# Aim of the exercise
Reproduce every line of the material below exactly. No pictures belong in the copy.

# Data extracts
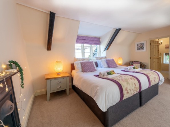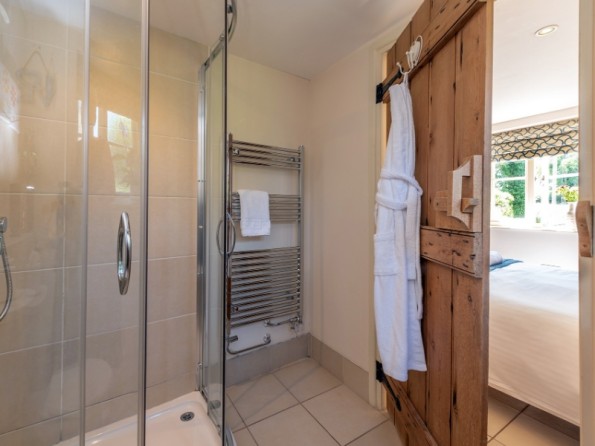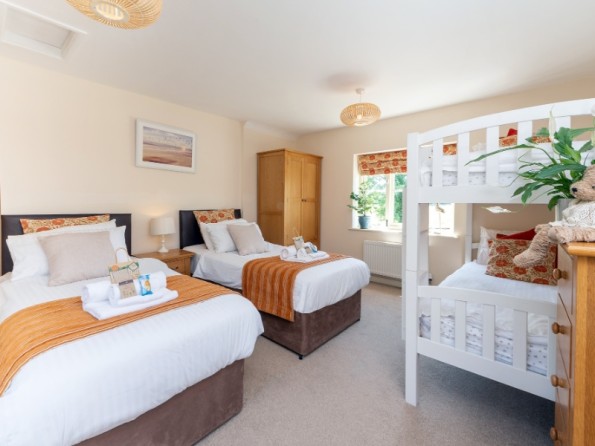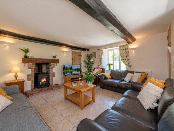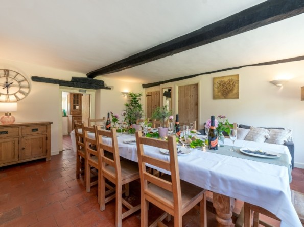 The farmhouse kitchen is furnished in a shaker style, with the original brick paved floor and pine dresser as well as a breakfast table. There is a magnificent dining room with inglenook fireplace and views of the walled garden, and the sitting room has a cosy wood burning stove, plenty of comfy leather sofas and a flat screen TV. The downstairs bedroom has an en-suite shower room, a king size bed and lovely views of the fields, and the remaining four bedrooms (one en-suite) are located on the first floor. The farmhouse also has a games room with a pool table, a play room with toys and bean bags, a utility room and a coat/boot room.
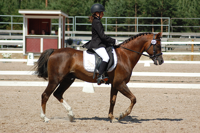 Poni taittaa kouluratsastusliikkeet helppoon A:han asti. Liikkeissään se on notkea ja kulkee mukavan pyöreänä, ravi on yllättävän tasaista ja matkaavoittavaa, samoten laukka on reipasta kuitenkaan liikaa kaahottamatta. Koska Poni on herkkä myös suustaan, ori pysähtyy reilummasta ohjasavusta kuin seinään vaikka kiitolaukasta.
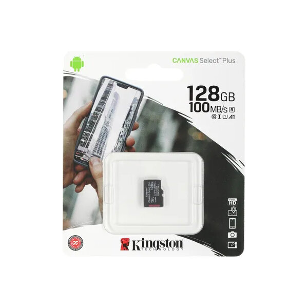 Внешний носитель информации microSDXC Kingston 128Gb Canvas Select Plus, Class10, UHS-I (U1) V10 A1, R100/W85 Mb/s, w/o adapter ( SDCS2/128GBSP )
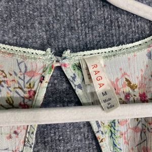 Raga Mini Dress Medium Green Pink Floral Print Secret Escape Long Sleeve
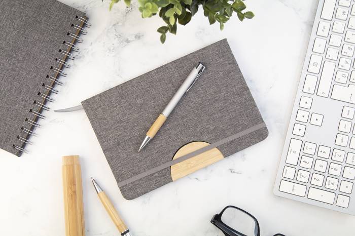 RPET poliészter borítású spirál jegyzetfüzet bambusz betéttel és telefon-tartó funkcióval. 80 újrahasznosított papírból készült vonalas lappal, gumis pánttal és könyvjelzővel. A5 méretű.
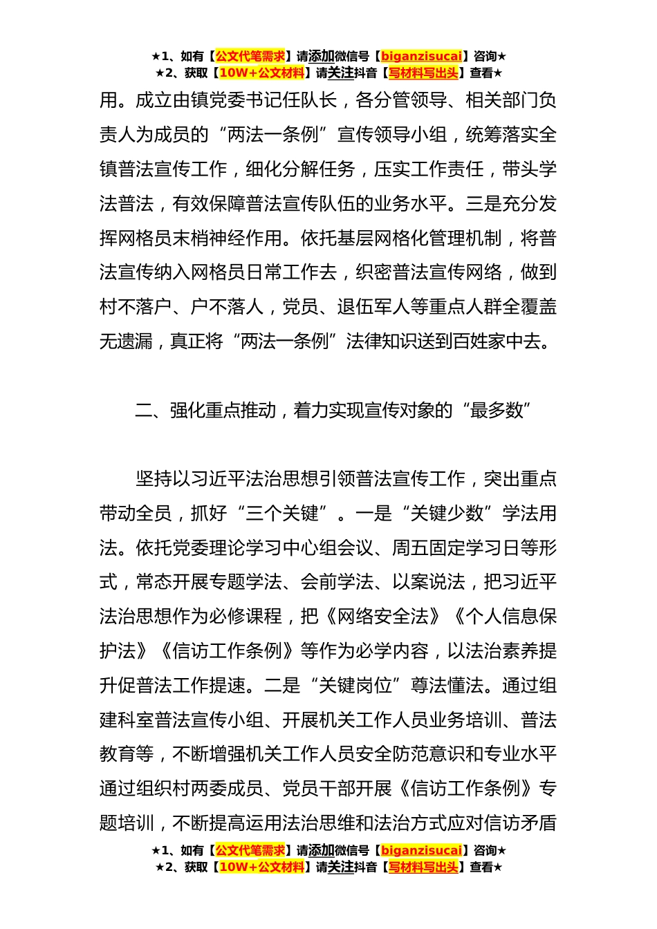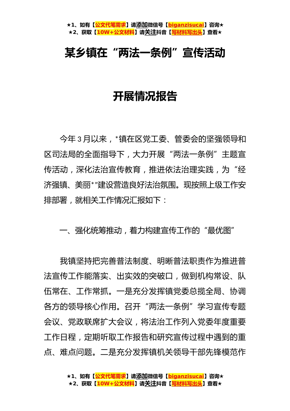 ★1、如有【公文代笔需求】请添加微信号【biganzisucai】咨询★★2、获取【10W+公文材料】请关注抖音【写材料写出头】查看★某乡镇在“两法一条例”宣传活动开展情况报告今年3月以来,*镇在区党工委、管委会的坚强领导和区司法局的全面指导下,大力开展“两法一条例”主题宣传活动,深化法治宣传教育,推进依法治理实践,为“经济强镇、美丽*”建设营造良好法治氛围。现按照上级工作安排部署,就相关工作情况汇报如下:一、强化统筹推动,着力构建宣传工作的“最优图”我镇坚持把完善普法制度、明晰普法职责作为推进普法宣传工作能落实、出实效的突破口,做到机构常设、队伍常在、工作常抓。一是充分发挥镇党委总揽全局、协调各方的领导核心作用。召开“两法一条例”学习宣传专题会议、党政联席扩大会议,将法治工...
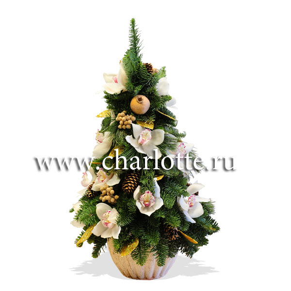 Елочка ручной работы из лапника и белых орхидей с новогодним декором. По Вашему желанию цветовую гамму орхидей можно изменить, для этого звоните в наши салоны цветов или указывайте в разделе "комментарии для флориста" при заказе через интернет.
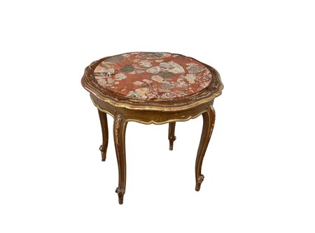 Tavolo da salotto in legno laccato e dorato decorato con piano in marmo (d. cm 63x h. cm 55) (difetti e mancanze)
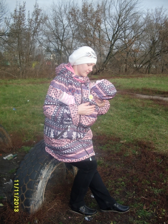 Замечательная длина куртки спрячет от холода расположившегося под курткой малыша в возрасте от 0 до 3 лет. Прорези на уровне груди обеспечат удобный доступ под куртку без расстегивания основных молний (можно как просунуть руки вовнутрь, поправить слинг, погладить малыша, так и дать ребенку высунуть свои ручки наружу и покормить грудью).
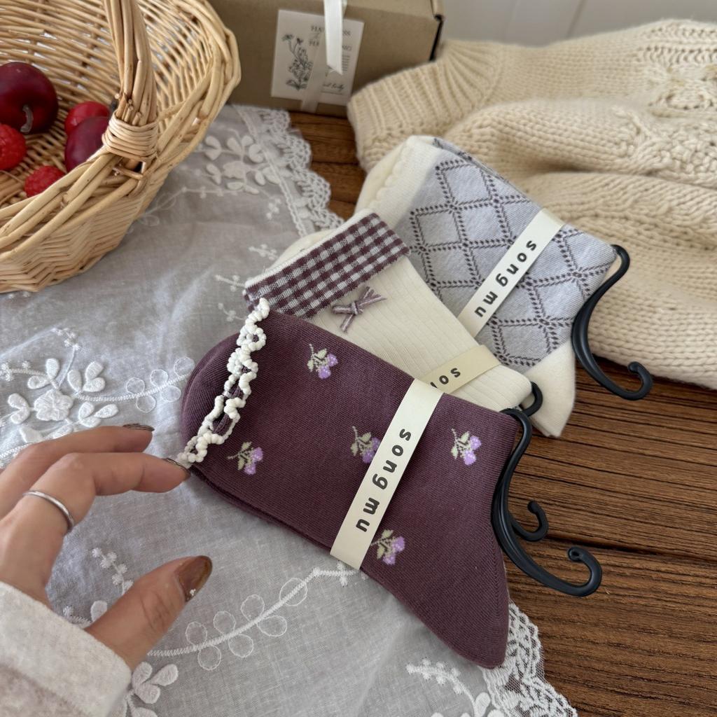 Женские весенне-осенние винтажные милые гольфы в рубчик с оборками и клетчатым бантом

# Exercise result
 The farmhouse kitchen is furnished in a shaker style, with the original brick paved floor and pine dresser as well as a breakfast table. There is a magnificent dining room with inglenook fireplace and views of the walled garden, and the sitting room has a cosy wood burning stove, plenty of comfy leather sofas and a flat screen TV. The downstairs bedroom has an en-suite shower room, a king size bed and lovely views of the fields, and the remaining four bedrooms (one en-suite) are located on the first floor. The farmhouse also has a games room with a pool table, a play room with toys and bean bags, a utility room and a coat/boot room.
 Poni taittaa kouluratsastusliikkeet helppoon A:han asti. Liikkeissään se on notkea ja kulkee mukavan pyöreänä, ravi on yllättävän tasaista ja matkaavoittavaa, samoten laukka on reipasta kuitenkaan liikaa kaahottamatta. Koska Poni on herkkä myös suustaan, ori pysähtyy reilummasta ohjasavusta kuin seinään vaikka kiitolaukasta.
 Внешний носитель информации microSDXC Kingston 128Gb Canvas Select Plus, Class10, UHS-I (U1) V10 A1, R100/W85 Mb/s, w/o adapter ( SDCS2/128GBSP )
 Raga Mini Dress Medium Green Pink Floral Print Secret Escape Long Sleeve
 RPET poliészter borítású spirál jegyzetfüzet bambusz betéttel és telefon-tartó funkcióval. 80 újrahasznosított papírból készült vonalas lappal, gumis pánttal és könyvjelzővel. A5 méretű.
 ★1、如有【公文代笔需求】请添加微信号【biganzisucai】咨询★★2、获取【10W+公文材料】请关注抖音【写材料写出头】查看★某乡镇在“两法一条例”宣传活动开展情况报告今年3月以来,*镇在区党工委、管委会的坚强领导和区司法局的全面指导下,大力开展“两法一条例”主题宣传活动,深化法治宣传教育,推进依法治理实践,为“经济强镇、美丽*”建设营造良好法治氛围。现按照上级工作安排部署,就相关工作情况汇报如下:一、强化统筹推动,着力构建宣传工作的“最优图”我镇坚持把完善普法制度、明晰普法职责作为推进普法宣传工作能落实、出实效的突破口,做到机构常设、队伍常在、工作常抓。一是充分发挥镇党委总揽全局、协调各方的领导核心作用。召开“两法一条例”学习宣传专题会议、党政联席扩大会议,将法治工...
 Елочка ручной работы из лапника и белых орхидей с новогодним декором. По Вашему желанию цветовую гамму орхидей можно изменить, для этого звоните в наши салоны цветов или указывайте в разделе "комментарии для флориста" при заказе через интернет.
 Tavolo da salotto in legno laccato e dorato decorato con piano in marmo (d. cm 63x h. cm 55) (difetti e mancanze)
 Замечательная длина куртки спрячет от холода расположившегося под курткой малыша в возрасте от 0 до 3 лет. Прорези на уровне груди обеспечат удобный доступ под куртку без расстегивания основных молний (можно как просунуть руки вовнутрь, поправить слинг, погладить малыша, так и дать ребенку высунуть свои ручки наружу и покормить грудью).
 Женские весенне-осенние винтажные милые гольфы в рубчик с оборками и клетчатым бантом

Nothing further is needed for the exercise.